Emphasizing Jewish education in all of its forms, outreach programs to the unaffiliated, and the strengthening of the Jewish family, the leadership of the Orthodox Union today announced a five-part plan for confronting the continuing crisis of assimilation and intermarriage as spelled out by the United Jewish Community’s just-released National Jewish Population Survey.

“We owe a debt of thanks to the UJC for conducting this survey and for making clear to all of us the demographic situation we confront in each of its aspects,” declared OU Executive Vice President Rabbi Tzvi Hersh Weinreb. “The UJC has shown us the problems facing the American Jewish community; the community itself must devise appropriate responses.”

The OU’s responses to the assimilation and intermarriage findings of the Population Survey are as follows:

  • Community Cooperation: “This is not a problem any one of us on our own can solve. The community must combine its resources and work closely together to have an impact,” declared OU President Harvey Blitz. “We pledge to do our part to forge cooperative working relationships throughout the organized Jewish world.”
     
  • Jewish Education: Terming Jewish education “the number one priority,” Rabbi Weinreb made clear that education should be emphasized in all of its forms, both formal education in Jewish schools, and informal programs such as camping and Israel trips. The OU’s highly successful National Conference of Synagogue Youth (NCSY) for years has emphasized these informal approaches, directed both at Orthodox teenagers and non-observant or unaffiliated young men and women. These programs work; the intermarriage rate of involved NCSY members is close to zero, Rabbi Weinreb and Mr. Blitz said.

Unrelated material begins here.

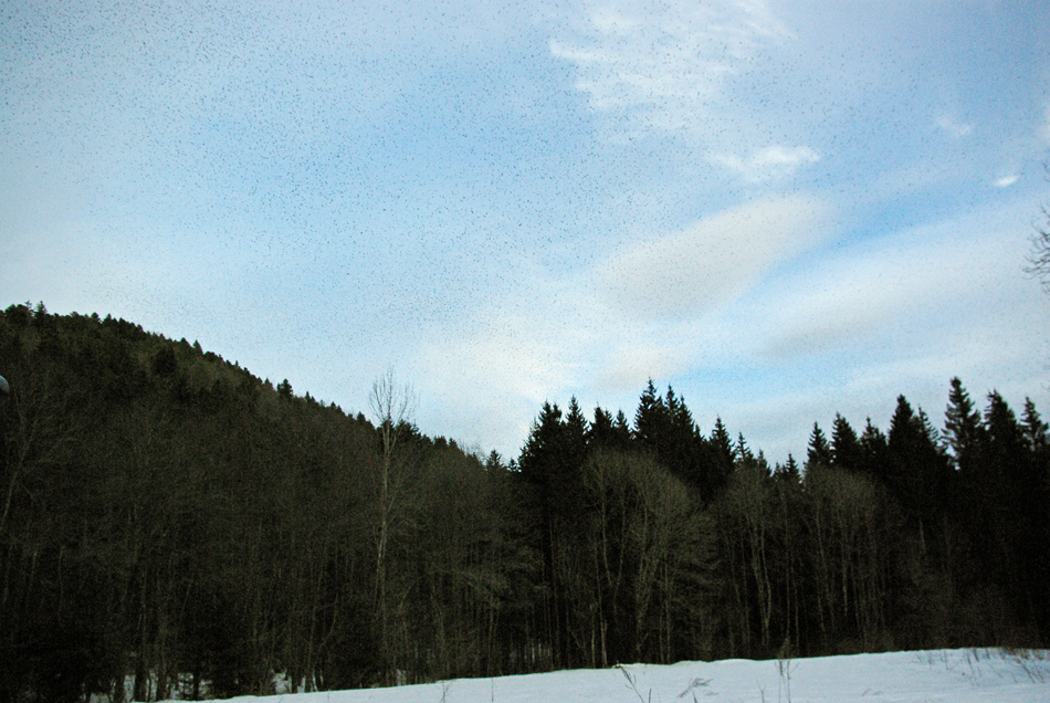 Im Winter 2009/2010 überwinterten (von Ornitologen geschätzte) 4 Millionen Bergfinken im Lindauer Tal.

    The two leaders declared that the emphasis on Jewish education must include not only its quality and expansion but its funding as well, as tuition costs continue to climb, making formal Jewish education unattainable for many families and causing severe economic consequences for others.
     
  • Strengthening of Synagogues. “Synagogues have to determine how best to relate to their communities, how to build their congregations, how to improve programming for all levels of observance, and how to be friendly and welcoming places,” said Mr. Blitz. “Our Department of Community and Synagogue services will redouble its efforts with our synagogues on these approaches, providing advice and programming; working with them on building leadership; creating more opportunities for positive growth both individually and communally; and ultimately bringing them closer to our Torah and Jews worldwide,” Mr. Blitz said.
     
  • Strengthening and Encouraging the Jewish Family: “Assimilation and intermarriage don’t happen overnight. The Jewish family is the first defense against these threats to the community,” said Rabbi Weinreb. Besides strengthening Jewish education, he called for programs “to help singles marry, to help families flourish, to help them cope with their challenges, to give them resources to turn to.” He noted that for the past several years the OU has presented highly successful programs nationally in positive parenting; this summer, a successful pilot program was held for strengthening healthy marriages.

    “If a Jewish family is strong, if it emphasizes Jewish traditions and values, the chances that young people in that family will seek to leave the Jewish community diminish,” Rabbi Weinreb said.
     
  • Outreach Programs Must Reach Out Further: “Even as we serve Orthodox youth through NCSY, we will increase our emphasis on outreach. Jewish young men and women who know little or nothing of their heritage, who treated their Bar and Bat Mitzvahs – if they even had one – as their farewell to Jewish life – have little incentive to continue as part of the Jewish community,” Mr. Blitz said. “The purpose of NCSY outreach efforts is to make these young people aware of the beauties of Jewish life and observance, of the richness of their traditions, of the importance of Israel in the life of the Jewish people, of the delight of the Sabbath and the holidays, and of the way they can live as committed Jews and still be modern young adults. NCSY makes it clear that you can be young, cool, aware, and a devoted Jew.”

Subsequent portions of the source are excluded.